R intro

R is a functional programming language that is specialized for statistical data analysis and graphical exploration of data. It’s not the best-designed language ever, and it’s frequently slow, but it’s incredibly useful nonetheless. It also has an enormous number of packages that you can install and use for a variety of purposes. For example, I’m writing these notes in R (more specifically, in RStudio) using R Markdown and knitr package. You’ll do the same with your homework for the course. A number of people have written entire books in knitr.

Because I cruelly made you do a homework on the topic for today, you should have the basics of R down already. First, though, any burning questions that you have after doing the homework?

General advice on learning and using R:

Rather than giving you a blow-by-blow on R syntax and usage up-front and risk losing you to boredom, I’m going to dive into the course content, introducing R features as they come up. I hope this will work! But since I am imperfect, and on top of that I don’t know for sure what exactly you know or don’t, the only way that this can work is for you to be very, very proactive.

If you see a piece of code that you don’t understand, or even think you might not understand, speak up! Most likely there are others in the class who have the same question.

The binomial distribution

Suppose we have a coin with weight \(\pi\). If we flip it 4 times, what’s the probability of getting the sequence \(HHTH\)?

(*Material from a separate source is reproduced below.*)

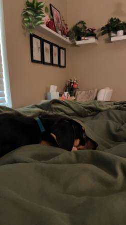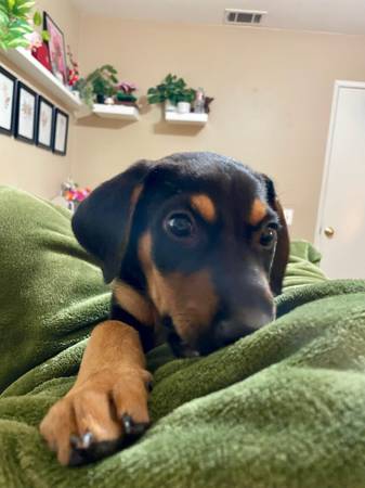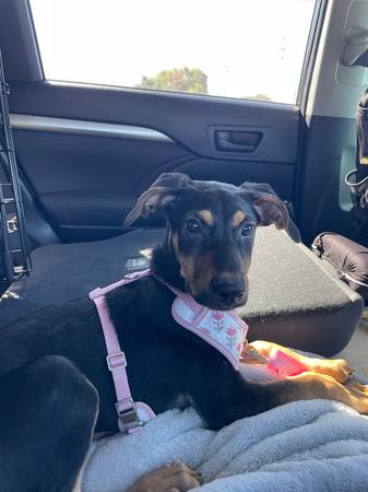 Harlow is 13 weeks old Doberman Pinscher and German Shepard mix. Harlow is spayed and up to date on vaccinations (including rabies shot). She is also microchipped. Harlow knows "sit", "look", "paw", "bathroom", "bed", and her name very well. She is currently being crate trained (her bed is in her crate). She has been taken out on her leash a handful of times and needs to be trained on that. She is in her teething stage. Harlow will do well in a home with a backyard or a living environment that allows her to exercise well for her breed. I think she will do well with other dogs. She loves her squeaky raccoon and fluffy bunny. She loves attention and a good scratch. Harlow has been a calm dog when taken outside to socialize. She loves meeting people and a very big appetite. She also loves her slow feeder when she is fed 3 times a day.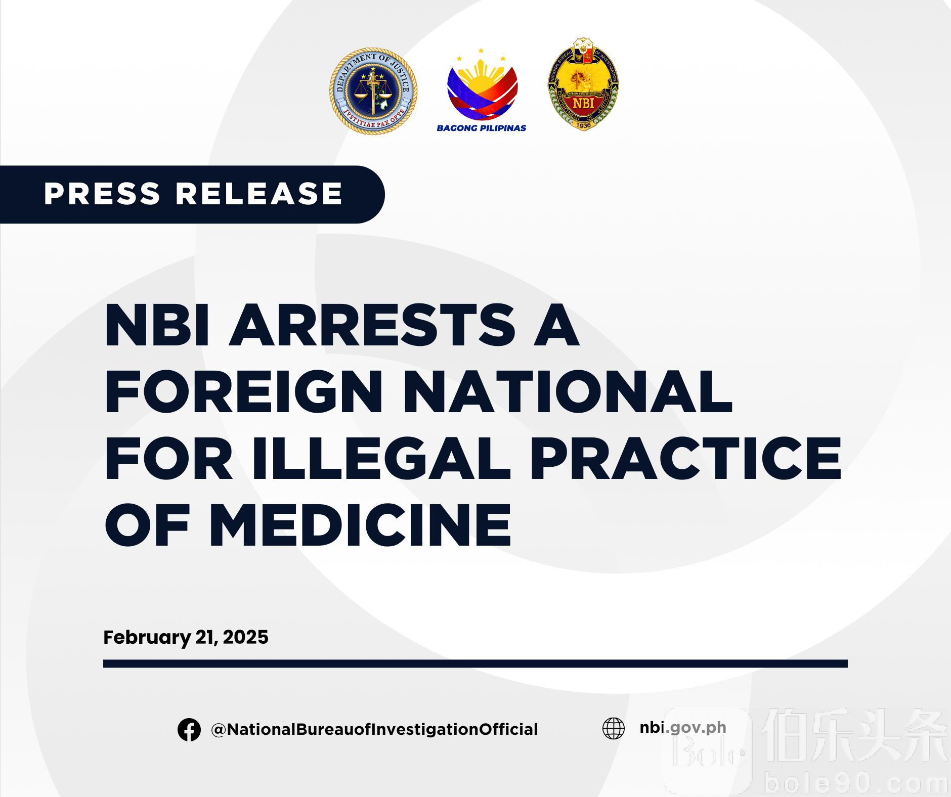 伯乐头条专讯:菲律宾国家调查局危险毒品司(NBI-DDD)近日在帕拉纳克市展开突击行动,逮捕了一名涉嫌非法行医的中国公民周杰群(Zhou Jiequn)。该行动由NBI局长哈伊梅·B·圣地亚哥(Jaime B. Santiago,退休法官)领导,嫌疑人被指控违反1959年《医疗法》(R.A. 2382)。

We’re assuming that the flips are independent of each other, so - letting \(H_i\) and \(H_j\) represent the outcomes of getting heads on flips \(i\) and \(j\) respectively - we have \(P(H_i, H_j)\) [i.e., \(P(H_i \& H_j)\)] equal to \(P(H_i) \times P(H_j)\) for any \(i\) and \(j\). As a result: \[ \begin{aligned} P(HHTH) =& P(H) \times P(H) \times P(T) \times P(H)\\ =& P(H)^3 \times P(T)\\ =& \pi^3 \times (1-\pi) \end{aligned} \]

More generally, for any sequence \(S\) containing \(N_H\) heads and \(N_T\) tails, the probability of that sequence is \[ P(S) = \pi^{N_H} \times (1-\pi)^{N_T} \]

If we flip a coin 3 times, the sample space is \(\Omega=\{HHH, THH, HTH, HHT, TTH, THT, HTT, TTT\}\) - a set with \(2^3=8\) elements. What is the probability of each?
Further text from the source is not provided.